Segment Open
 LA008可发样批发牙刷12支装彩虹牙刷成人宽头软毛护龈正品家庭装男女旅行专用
Segment Closed
Segment Open
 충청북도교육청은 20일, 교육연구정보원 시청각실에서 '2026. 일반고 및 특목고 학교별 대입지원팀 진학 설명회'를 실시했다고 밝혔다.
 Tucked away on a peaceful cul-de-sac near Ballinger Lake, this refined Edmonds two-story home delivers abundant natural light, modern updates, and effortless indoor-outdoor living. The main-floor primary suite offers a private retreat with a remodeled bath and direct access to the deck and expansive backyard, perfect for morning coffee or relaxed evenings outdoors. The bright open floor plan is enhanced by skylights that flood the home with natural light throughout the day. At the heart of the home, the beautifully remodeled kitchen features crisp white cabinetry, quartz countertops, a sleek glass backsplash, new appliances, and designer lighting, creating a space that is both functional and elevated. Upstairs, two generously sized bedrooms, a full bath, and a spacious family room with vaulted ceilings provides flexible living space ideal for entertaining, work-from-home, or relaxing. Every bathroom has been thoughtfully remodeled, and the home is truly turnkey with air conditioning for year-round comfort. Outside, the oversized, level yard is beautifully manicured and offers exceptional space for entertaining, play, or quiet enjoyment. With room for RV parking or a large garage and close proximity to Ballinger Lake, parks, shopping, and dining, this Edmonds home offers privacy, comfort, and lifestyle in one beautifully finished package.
Segment Closed
*What to do*: Please copy, exactly as written, every line in the listing above from the line with "충청북도교육청은 20일, 교육연구정보원" up to and including the line with "Tucked away on".

*Solved problem*:
 충청북도교육청은 20일, 교육연구정보원 시청각실에서 '2026. 일반고 및 특목고 학교별 대입지원팀 진학 설명회'를 실시했다고 밝혔다.
 Tucked away on a peaceful cul-de-sac near Ballinger Lake, this refined Edmonds two-story home delivers abundant natural light, modern updates, and effortless indoor-outdoor living. The main-floor primary suite offers a private retreat with a remodeled bath and direct access to the deck and expansive backyard, perfect for morning coffee or relaxed evenings outdoors. The bright open floor plan is enhanced by skylights that flood the home with natural light throughout the day. At the heart of the home, the beautifully remodeled kitchen features crisp white cabinetry, quartz countertops, a sleek glass backsplash, new appliances, and designer lighting, creating a space that is both functional and elevated. Upstairs, two generously sized bedrooms, a full bath, and a spacious family room with vaulted ceilings provides flexible living space ideal for entertaining, work-from-home, or relaxing. Every bathroom has been thoughtfully remodeled, and the home is truly turnkey with air conditioning for year-round comfort. Outside, the oversized, level yard is beautifully manicured and offers exceptional space for entertaining, play, or quiet enjoyment. With room for RV parking or a large garage and close proximity to Ballinger Lake, parks, shopping, and dining, this Edmonds home offers privacy, comfort, and lifestyle in one beautifully finished package.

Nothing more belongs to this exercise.